2006-03-05

E4X and the DOM

I haven't covered E4X (short for ECMAScript for XML; ECMA-357 specification) much here yet, but I have been experimenting with it for a while now in Greasemonkey scripts, and got to a point where I feel I have some findings to contribute.

I'm not going to go into details about the splendour of the E4X design nor explain basic concepts; Jon Udell gave a short introduction in September 2004, and I'll be referring to a few other good articles about it later in this post too. Put short, though, it makes XML nodes or trees first class objects (just like numbers, strings or RegExps), using XML as the literal syntax, and adds terse, readable and expressive syntax to perform various slicing and dicing operations on these objects sharing many common traits with XPath.

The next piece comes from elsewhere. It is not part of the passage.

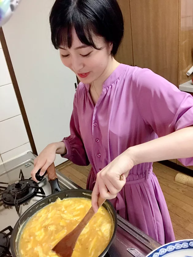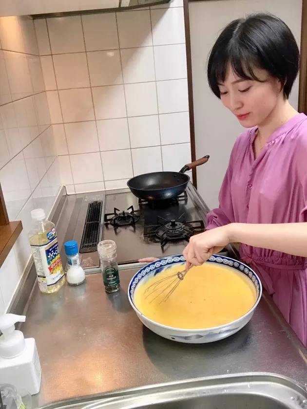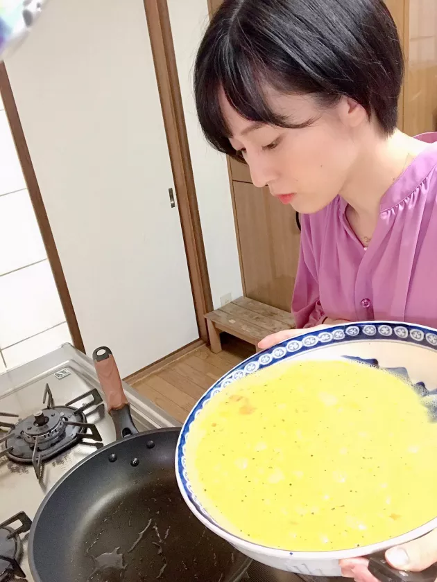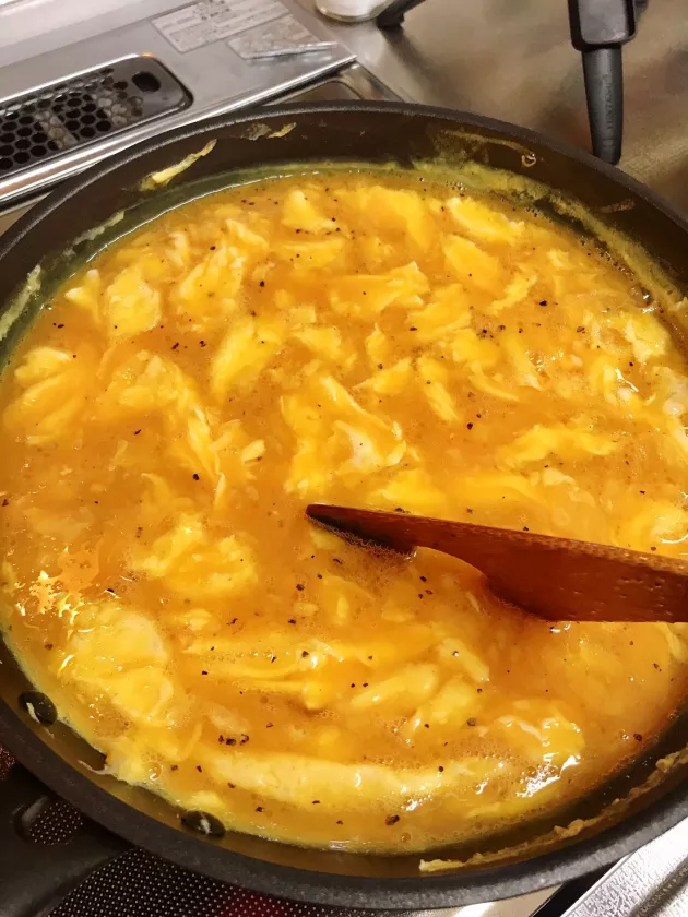 フライパンに流し込んだら底が焦げないように混ぜながら半熟になるまで中火で加熱します。スクランブルエッグ状になったら、弱火にしてフライパンに蓋をして周りを固めていきます。

On a ranty side note, it's what the DOM APIs should have been in the first place, had they not been plagued by Javaisms such as naming the most basic and frequently used method document.getElementById, for a whopping 23 letter name. People who write I18N and L10N for Internationalization and Localization should not use the DOM. (Or set themselves up with d21d(), d27e(), and so on, aliases.) John Schneier makes a less emotional comparison between XSLT, DOM and E4X in Native XML Scripting with E4X, proceedings of the XML 2005 conference and sums up his conclusions in corporate speak too at the end. Again, put short: E4X is about productivity and readability.

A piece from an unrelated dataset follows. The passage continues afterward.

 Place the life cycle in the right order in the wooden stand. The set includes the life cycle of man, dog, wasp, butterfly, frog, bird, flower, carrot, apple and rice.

As those of you who have been following the E4X field might know, there has been some support for it in Firefox for quite a while now (Kurt Cagle describes some basics in June, 2005), and returns in a later presentation, Advanced Javascript (subtitled "E4X in Firefox 1.5"), of which I'd like to quote the killer misfeature of the current state of affairs:

Object created is NOT a DOM Node, but an E4X node.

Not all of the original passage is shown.